Frequently confusing situations
“It works in Node, but my tests fail with the same error.”
Your test runner is executing files as CJS. Apply the Jest config and launcher shown above or switch to Vitest.
“Adding type: module broke some scripts.”
Rename CJS-only scripts to .cjs and, if you publish a package, provide dual exports. Avoid relying on extensionless imports in ESM—add the extension explicitly.
“TypeScript compiles, but Node still errors.”

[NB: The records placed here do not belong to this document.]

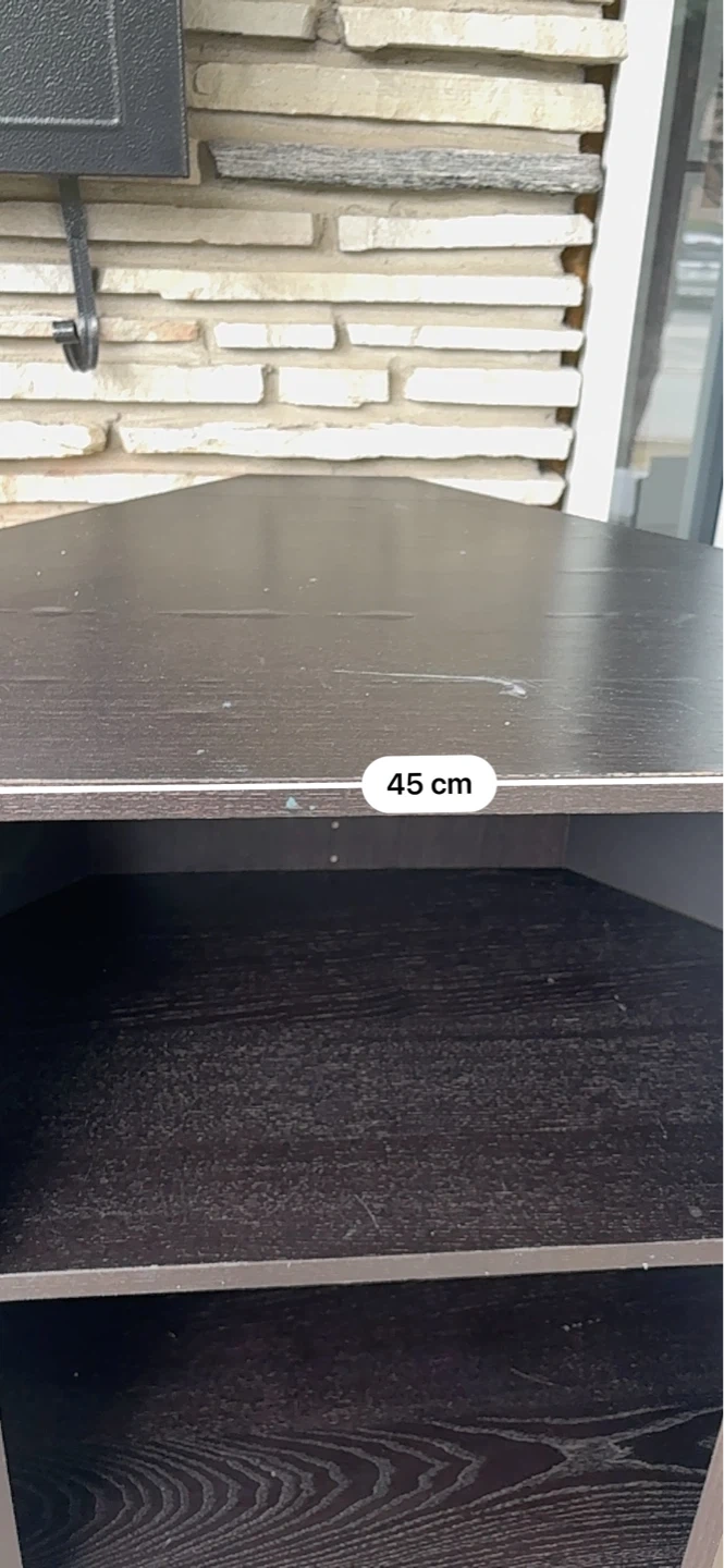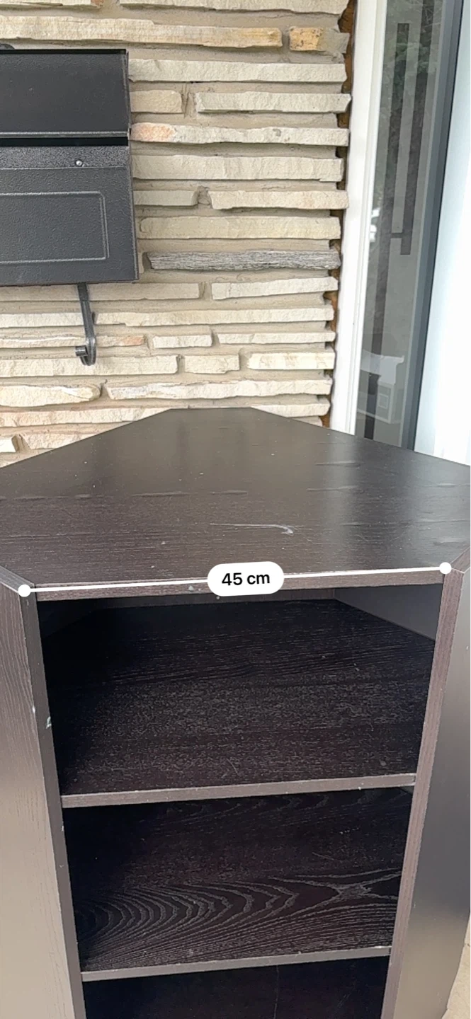 Dark brown corner shelving unit with three shelves. Measures 45 cm wide and 103 cm high. Shelf depth is 32 cm. It's perfect for organizing items in a corner space.
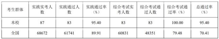我校共有87名全日制应届本科生参加考试,实践通过人数为83人,实践通过率为95.4%;综合考试实考人数83人,通过人数83人,综合考试通过率为100%;总通过率为95.4%,高于全国平均水平25个百分点,且比2021年总通过率提高了10个百分点。
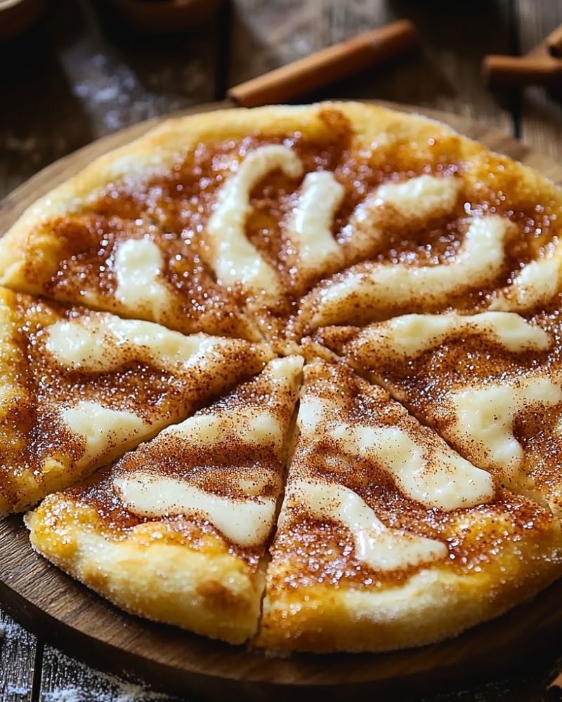 Imagine biting into a warm, golden crust, laced with melted butter, a generous sprinkle of cinnamon sugar, and finished with a dreamy vanilla glaze drizzle. That’s the joy of Cinnamon Sugar Pizza—a simple yet decadent dessert that combines the comforting flavor of cinnamon rolls with the fun of pizza night.
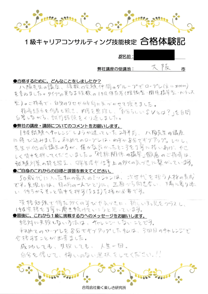 ブログ 2021.04.10 2023.10.27 合格体験記初ロープレは8分でギブアップ。3回目で合格することができました。執筆者 | 合同会社働く楽しさ研究所 大阪府・需給調整機関領域・第10回合格「絶対に失敗しない方法は、チャレンジしないことです。初めてのロープレを8分でギブアップした私は、3回目のチャレンジで合格することができました。成功しても、失敗しても、人生一回。自分を信じて悔いのない選択をしてください!!」1級CC技能検定対策講座のご案内ページはこちら一覧へ戻る
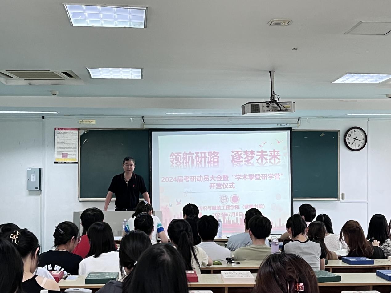 肖甫青向在场全体学生进行了动员讲话。他强调,要科学合理选择科研目标学校,要全力以赴备战考研,同时要求学生工作团队为学生考研提供坚实保障和积极支持,助力同学们考研成功。
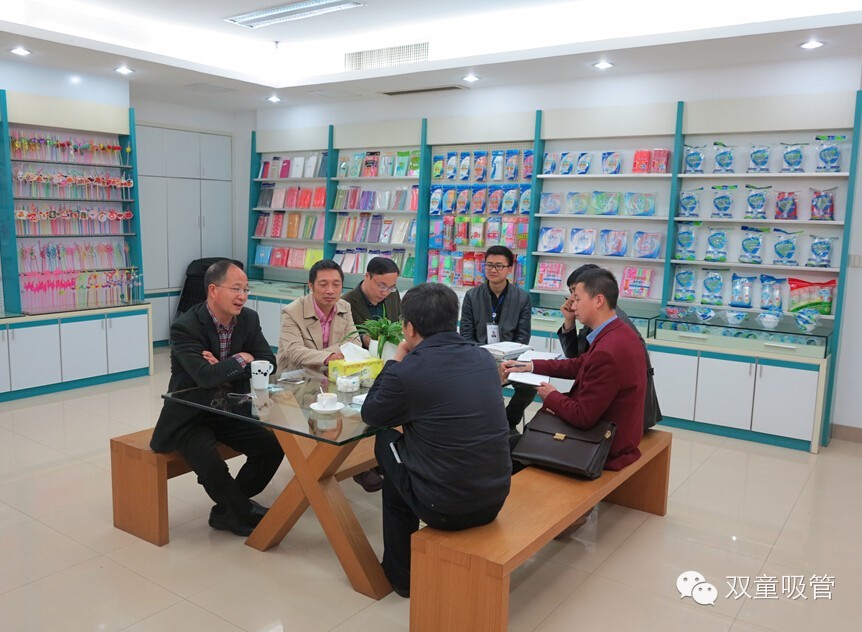 小劉記者剛走沒多久,兩批貴客像是約好了似的都來到雙童。一批是我們的義烏市紀委書記等六七位領(lǐng)導(dǎo),另一批則是二三十號阿里巴巴同學(xué)會的boss們。我們的幾位高層領(lǐng)導(dǎo)分頭行動,帶領(lǐng)著這兩支隊伍參觀雙童的節(jié)能降耗、員工寢室、產(chǎn)品樣品房……不得不說,幾位領(lǐng)導(dǎo),你們真是蠻拼的,可以去考導(dǎo)游證啦!尤其是當家人,在“導(dǎo)游工作”結(jié)束后,搖身一變成了會議室里的“講師”,為我們的阿里巴巴同學(xué)會的boss們上了一堂精彩的《“雙童”為什么堅持只做一根吸管》課程,到今天,都還有同學(xué)來找吸管妞要昨天的課件呢!

Your TS compiler output doesn’t match Node’s resolver expectations. Confirm module: NodeNext + moduleResolution: NodeNext, and check emitted file extensions and import specifiers.
Wrap-up
The error is a symptom of an unmarked or mis-resolved ESM context. Mark your modules explicitly ("type": "module" or .mjs), align TypeScript’s module and moduleResolution with Node’s rules, and ensure your test runner and dev tools run with ESM enabled. Once those three layers agree—runtime, compiler, and tooling—the error disappears and your code runs consistently on your laptop or on a fresh droplet.
Assumptions used here: Node.js LTS or newer on your machine or server; npm-based workflow; and a clean project without legacy bundler constraints. If your setup differs, follow the same reasoning: make the runtime recognize ESM, make the compiler emit compatible code, and configure wrappers (tests, CLIs) to honor ESM.